Let me introduce you the concept of xpath, a query language for DomDocuments:

//table[@class="tableStyle02"]//a/@href

Reads as: Take the table tag with class attribute tableStyle02 and then the href attribute from within the a child tag.

Or as you had the foreach for tr and td elements as well:

//table[@class="tableStyle02"]/tr/td/a/@href

Now in that path, the a tag is a direct children of the td tag which is a direct children of the tr tag which is a direct children of the table tag. As you can see, with xpath it is much easier to formulate the path to the element than writing everything in PHP code.

Apropos PHP code, in PHP this can look like:

$doc = new DOMDocument();
$doc->loadHTML($html);
$xp = new DOMXPath($doc);
$href = $xp->evaluate('string(//table[@class="tableStyle02"]//a/@href)');

The variable $href then contains the string: bin.php?cid=703&size=0.

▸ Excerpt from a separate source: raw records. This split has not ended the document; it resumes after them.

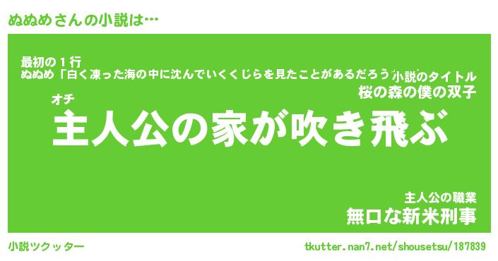 ぬぬめさんの小説は… オチ『主人公の家が吹き飛ぶ』最初の1行『ぬぬめ「白く凍った海の中に沈んでいくくじらを見たことがあるだろうか。」』主人公の職業『無口な新米刑事』 ツクッター #小説ツクッター http://tkutter.nan7.net/shousetsu/187839/
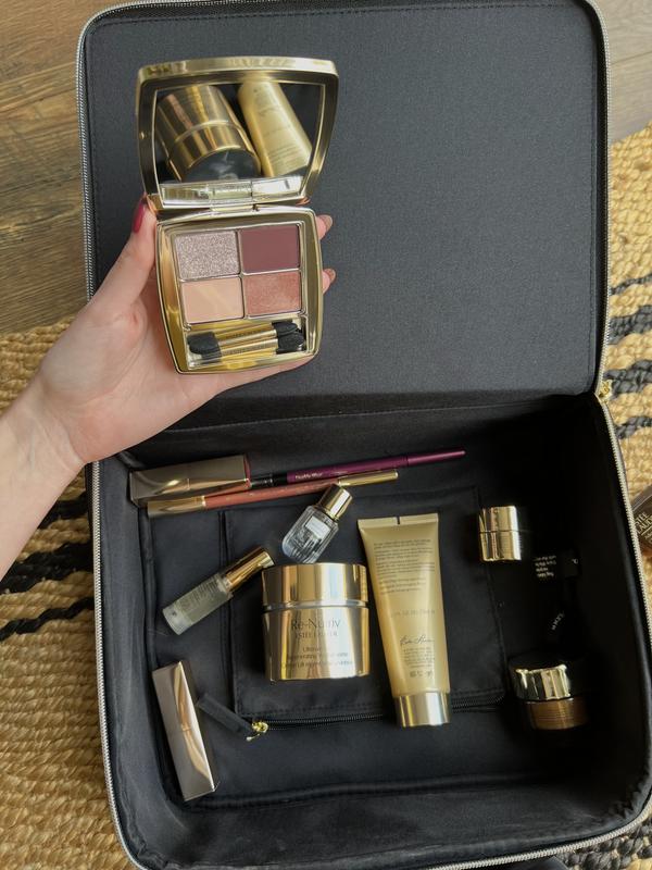 I have never seen a more exquisite and lavish gift set. It comes with makeup, skincare products, and a lovely case. The cleanser is fantastic for taking off sunscreen and makeup without stripping the skin. For those with dry skin like myself, the moisturizing creams are wonderful and so hydrating. The lipsticks are silky, and the makeup is would suit a wide range of skintones. It's a fantastic set that would be a lovely present for anyone who needs a little extra pampering around the holidays. Gifted by esteelauder
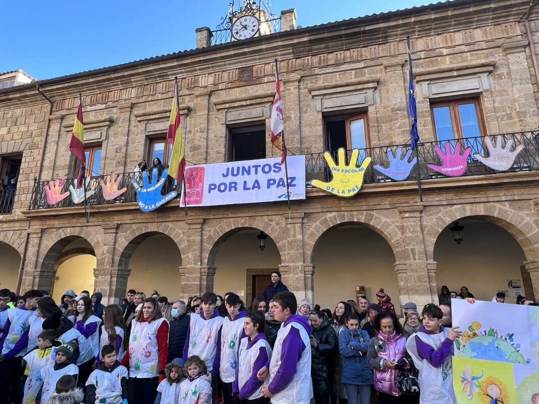 Con motivo del Día Escolar de la No Violencia y la Paz que se conmemora cada 30 de enero, el colegio Virgen de la Vega ha salido esta mañana a la calle pese al intenso frío para celebrar este día con una coreografía conjunta del todo el centro en la plaza mayor de la ciudad. En ella, gran cantidad de padres esperaban para ver este acto al que se unían muchas personas que pasaban por el lugar.
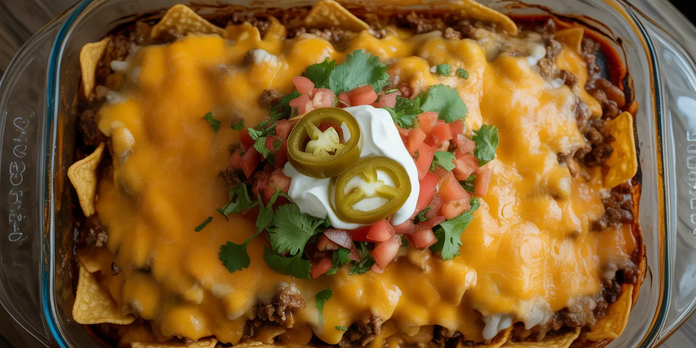 Night before: brown and season taco filling completely, refrigerate. Shred cheese. Prep all toppings — dice tomatoes, slice jalapeños, make guacamole (press cling film on the surface to prevent browning). Day of: warm filling briefly, assemble casserole (chips → filling → salsa → cheese), bake 18–22 min. Active party-day work = about 10 minutes.
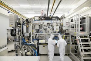 FILE PHOTO: Employees are seen working on the final assembly of ASML’s TWINSCAN NXE:3400B semiconductor lithography tool with its panels removed, in Veldhoven, Netherlands, in this picture taken April 4, 2019. Bart van Overbeeke Fotografie/ASML/Handout via REUTERS/File Photo
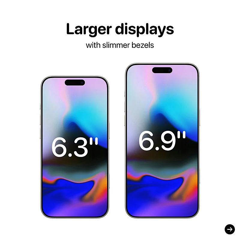 화면 크기가 커지는 모델이 있는데 아이폰16 프로 6.3인치(기존 6.1인치), 아이폰16 프로 맥스 6.9인치(기존 6.7인치)로 변화가 있습니다.
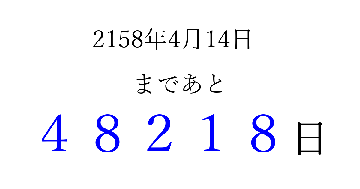 2158年4月14日(金)まで あと 99999 日です 追加すると、トップページからすぐ選べるようになります ※2026/04/08現在の結果です。 最新の状態に更新する ↓シェアして、タイムライン上にカウントダウンを表示しよう!↓ 📤 この結果を共有する Tweet シェア Threads Bluesky 別の日付でカウントダウン 2158年4月のカレンダー このページをブックマークに追加すると、いつでもカウントダウンを確認できます。 (PC: Ctrl+D / Mac: ⌘+D) hitome-notes.comでは以下のページも運営しています。 指定日と期間から日付を計算 | ガチャ確率計算・シミュレーション | プライバシー・ポリシー 運営者:Avocado

This example is with a string (string(...)), so ->evaluate returns a string, which is created from the first found attribute node. Instead you can return a nodelist as well:

$hrefs = $xp->query('//table[@class="tableStyle02"]/tr/td/span/a/@href');
#             ^^^^^                                       ^^^^

Now $hrefs contains the usual DOMNodeList, here it contains all the href attribute nodes:

echo $hrefs->item(0)->nodeValue; # bin.php?cid=703&size=0

Take care that if you use only one slash / to separate tags, that they need to be direct children. With two slashes // it can be a descendant (child or child of child (of child (of ...))).



回答2:

You should be able to use getAttribute() on the individual DOMElement instances, (just as you used it the second line of the example):

foreach ($hrefs as $a_node) {
    if ($a_node->hasAttribute('href')) {
        print $a_node->getAttribute('href');
    }
}


回答3:

You don't have to navigate your way down the DOM hierarchy to use getElementsByTagName:

foreach ($dom->getElementsByTagName('table') as $tableitem) {
    if ($tableitem->getAttribute('class') == 'tableStyle02'){
        $links = $tableitem->getElementsByTagName("a");
    }
}

$links at this point is now a DOMNodeList, so you can iterate through it:

foreach ($dom->getElementsByTagName('table') as $tableitem) {
    if ($tableitem->getAttribute('class') == 'tableStyle02'){
        $links = $tableitem->getElementsByTagName("a");
        $hrefs = array();
        foreach ($links as $link) {
            $hrefs[] = $link->getAttribute("href");
        }
    }
}
// Do things with $hrefs